I'm a bit worried. I'm going back to school soon, and as a cheerleader/general hot bitch, I've always been rather particular about my appearance. This brace is cramping my style, and my injury has made me lazy. I've kind of let myself go this summer, slumming it up with basketball shorts and greasy ponytails. And now I'm going to have to transition back into my school routine.
Don't get me wrong; I love putting outfits together and doing my hair and makeup in the morning. Some girls complain about how much we have to primp, but I've always viewed it as a chance to be creative. I'm not good at art, but I can make myself look hot. I may wake up in the morning looking like a scrub, but give me two hours and the right tools and I can transform myself into an Alpha Bitch Kelis-type. Or anybody else I may want to be. I just don't want it to feel like a chore, and I am tired of this brace.

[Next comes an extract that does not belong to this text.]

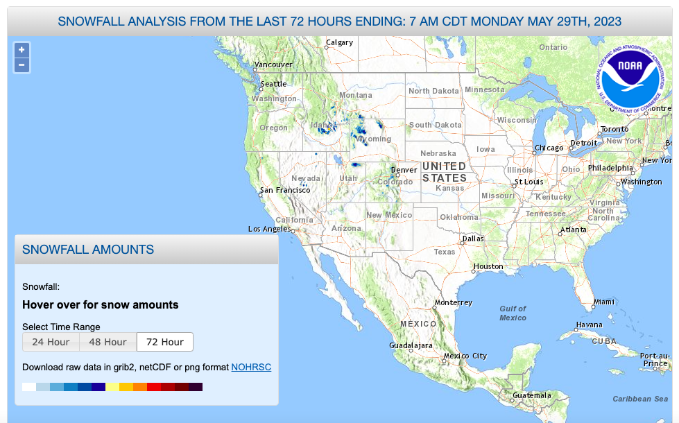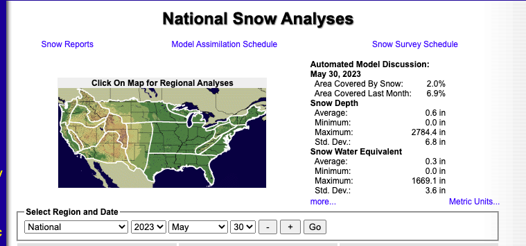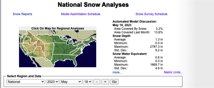 Otra herramienta de análisis nacional de nieve indica que, desde el 18 de mayo hasta el 30 de mayo de 2023, el porcentaje de territorio estadounidense cubierto por nieve se ha ido reduciendo de 3.2% a 2%.

One of the things I love about cheer is that it taught me how to let go of my anger and sadness. You can be having the most drama-filled day ever, but when you go out there and scream your heart out, jump up in the air, and smile like a lunatic, you are going to feel better. And even though I'm stuck on the ground and a lot quieter these days, I still have my positive spirit. My life may be difficult, but I'm still excited for it!